Harper (1966)/The Drowning Pool (1975). Somehow Newman’s two time turn as Lew Harper (nee Archer) consistently falls under the radar as exercise in Marlowean (Phillip) culture, yet the actor’s private dick has to be the most prescient contempo version of such since this side of Elliot Gould in The Long Goodbye. Blissfully cynical but inherently moral, a lone outsider drifting between straightsville and gonzoland during both the 60’s and 70’s, fingernails clean and pants neatly pressed as he leans down to peek through another keyhole—he’s an undercover version of one of Newman’s constants—the lost in the flood American male.

Cool Hand Luke (1967). Newman at his most wounded and his most charismatic, all of it played with barely a quiver of actors’ muscle. A dynamic film and a first class performance.

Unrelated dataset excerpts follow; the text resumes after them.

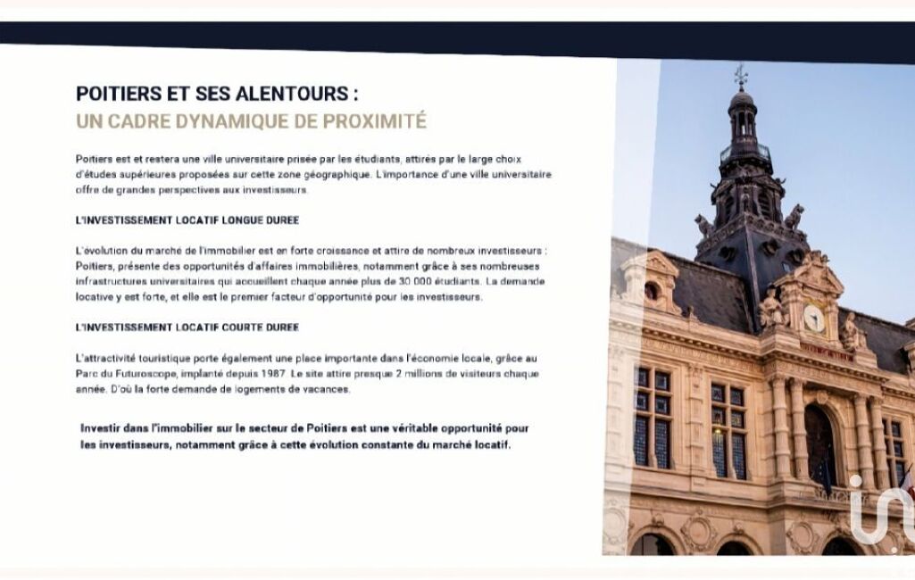 iad France - Elodie Panteix (06 29 02 43 54) vous propose : Construction d'une résidence Neuve sur le campus universitaire de proche du CHU de POITIERS avec une livraison prévue pour le 2ème trimestre 2025.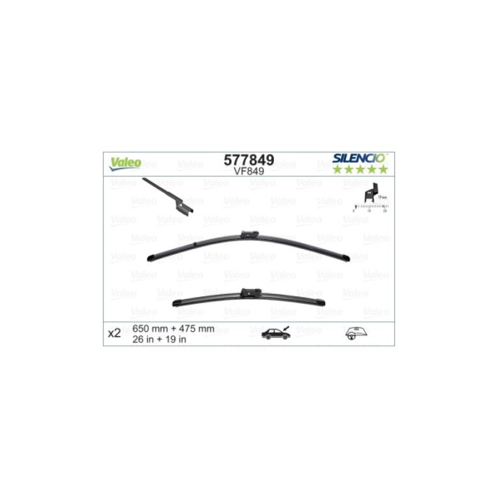 Безкаркасний склоочисник Valeo 577849 виготовлений з сировини високої якості. В основу безкаркасної конструкції входить пружна металева пластина, яка забезпечує щільний притиск двірника по всій поверхні вітрового скла не залежно від радіуса його кривизни. Дана пластина повністю захована в корпус, що виключає виникнення корозії і продовжує термін служби. Сам корпус виготовлений у вигляді спойлера, для додаткового притиску на високій швидкості. Лезо склоочисника нейтрально до впливу компонентів омивача скла, воно зберігає свою м'якість і еластичність при тривалому впливі сонячних променів.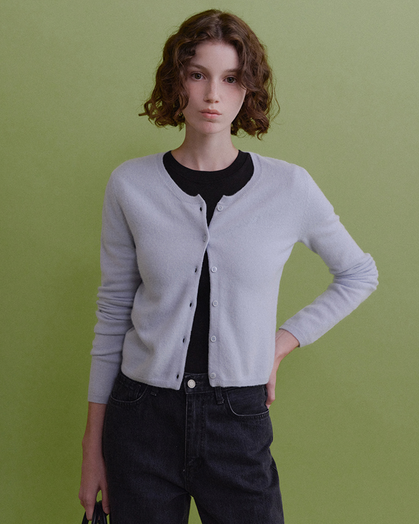 Alto Round Knit Cardigan (Soft Blue)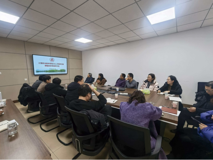 为持续深化教育教学改革,优化专业人才培养体系,计算机与软件学院于2026年1月17日下午在一楼会议室召开2026版人才培养方案课程体系专题研讨会。学院领导班子、各专业负责人、教研室主任及教务办成员共同参会。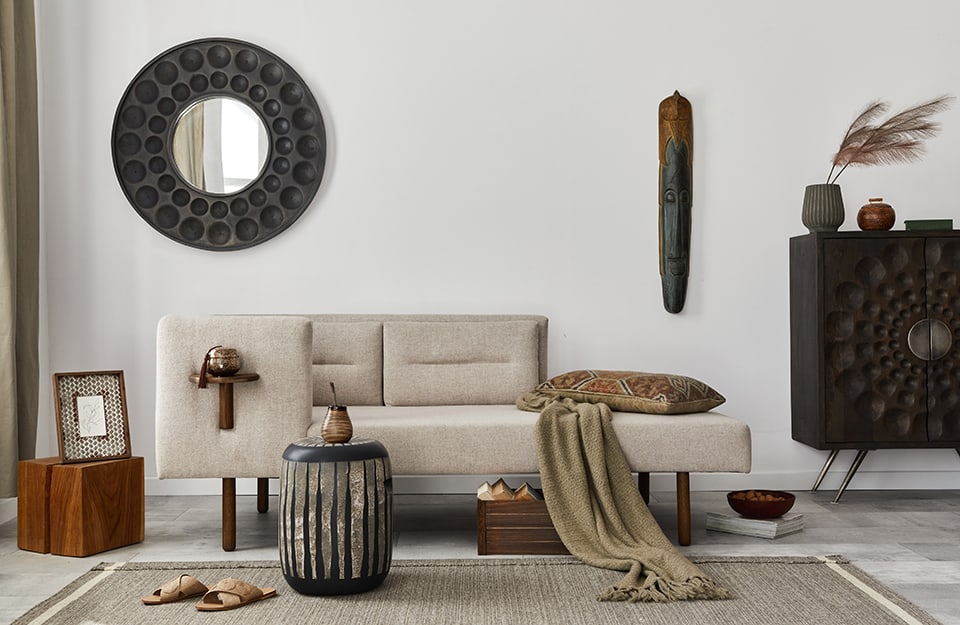Una chaise longue minimalista che starebbe benissimo in un salotto dal sapore nordico diventa immediatamente etnica grazie a tutto ciò che la circonda. In questo caso una maschera africana, un cuscino con stampe geometriche, un tavolinetto che sembra uno strumento a percussione, un grande specchio con decorazioni tribali e poi vasi e vasetti che vanno dall’Oriente al Sud America, passando per l’Africa.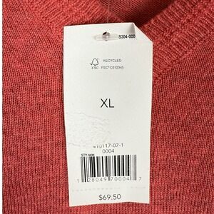Banana Republic Mens XL V Neck Silk Linen Sweater Coral Orange Longβ Sleeve

Buffalo Bill and the Indians…or Sitting Bull’s History Lesson (1976)
One of my personal faves, a vastly underrated outing that died at the box office. Robert Altman and the actor plotted together to make his Buffalo Bill a blustery, sad, and lost figure in a movie that subversively utilizes Arthur Kopit’s play about the decline of west and the betrayal of the Indian into a showbiz lampoon, albeit a dark and puffy one. There is a wistful sense of self-knowing at the center of this etching of a false idol, as if the actor felt both connected and repulsed sketching out a weird form of self-portrait.

Slap Shot (1977)
A truly 70’s slice-of-life with some slapdash comic moments, Newman filled out his hockey skates like Bobby Hull’s better looking older brother, all the while nimbly scratching out another one of his wise but empty husks, more masculine promise gone sideways.

The Verdict (1982). An autumnal film that washes over you with a quiet deluge of gray backgrounds, washed-out countenances, indiscernible settings and Newman’s burnt out, lost soul of a living-on-the-edge lawyer. Sidney Lumet mostly sticks with the minor chords in this closed-in redemptive fable, and the well worn actor comes through with his most evocative performance.

The Color of Money (1986). While it certainly wasn’t one of the primary performances that should have brought Newman the Oscar, the Academy tossed it belatedly his way, and he does carve out another subtle caricature, bringing gravity to Marty Scorsese’s gritty yet pumped-up stylings, and accenting the essential shadows of his earlier go at an American hustler, while still resisting any form of big screen grandstanding, a quiet storm at the center of the director’s amped-up ministrations.

The Hudsucker Proxy (1994)/Nobody’s Fool (1994). A quality twofer. The Coen Brothers film film (The Hudsucker Proxy) is one gliding, stylized, completely artificial riff of a movie-movie and Newman goes full tilt in a character role, comically malevolent and obviously slumming, albeit in high style. The Robert Benton offering (Nobody’s Fool) is a movie length short story with Newman gleefully getting the chance to play Hud all growed up, a twilight reprise of the quintessential good-bad guy, a role enhanced by the obvious twinkle in the aging role player’s eye.

1 comment:

mikeyt said...

On Burt's worst...
I agree with you about "Raindrops" dragging Butch down-- probably the worst song ever from one of my favorite songwriters. Wait-- maybe "Me Japanese Boy" is worse-- wait, maybe "When You Get Caught Between the Moon and New York City" is worse... oh nevermind.